Tag Archives: Lucretius

Lucretius and Modernity Conference

Long time APS member, Emma Bianchi, who will be joining the Comparative Literature Department at NYU, called our attention to this conference on Lucretius and Modernity to be held there this October.

Here is the description:

The long shadow cast by Lucretius’s poem falls across the disciplines of philosophy, literary history and criticism, religious studies, classics, political philosophy… Over the past two decades, interest in De rerum natura in each of these fields has grown dramatically, in some cases as hidden Epicurean influences on well-known writers have come to light, in others when the decline of a school or of a particular orthodoxy has left room for a return to Lucretius, and to the Epicurean tradition more broadly—as with the eclipse of normative materialisms in philosophy and politics. Contemporary physics has found in the ancient atomist tradition a strange and evocative mirror; the place of Lucretius’s poetics in the development of modern poetic genres, techniques, and themes has come into sharp focus; political philosophers have identified what Althusser called a “subterranean current” in the materialist tradition, flowing from Epicurus through Spinoza and Marx and to Deleuze, propelled by Lucretius’s great poem.
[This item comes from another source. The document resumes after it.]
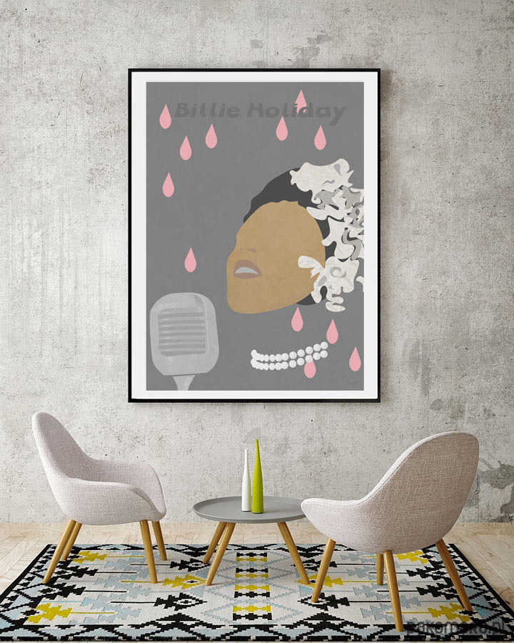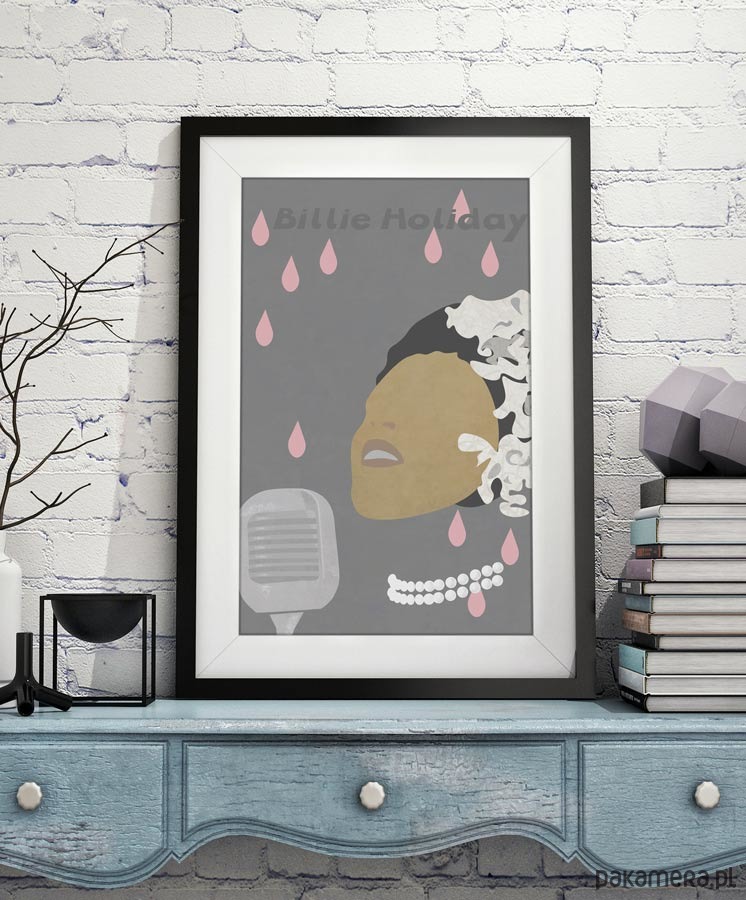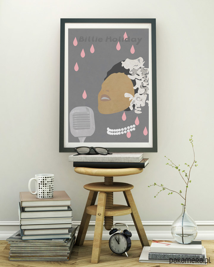 Plakat inspirowany artystką jazzową - Billie Holiday. Przedstawia śpiewaczkę podczas wykonywania utworu z białą gardenią we włosach, która stała się jej znakiem rozpoznawczym.

“Lucretius and Modernity” is the first conference to bring together classicists, philosophers and literary critics from Europe and the United States interested centrally in the work of Lucretius and in the long history of his reception. Clustered about four topics—1. What is modern about Lucretius? 2. What is Lucretian about modernity? 3. How to do things with Lucretius: Physics, Politics, Poetics; and 4. Following Lucretius—the papers presented at “Lucretius and Modernity” will provide the occasion for a reflection across disciplinary borders on the poem’s continuing, growing importance.

For more information, visit the Lucretius and Modernity conference site on the Comp Lit website at NYU.

Given Stephen Greenblatt’s recent essay on Lucretius’s “On The Nature Of Things” in the New Yorker, it seems that Lucretius is in the air.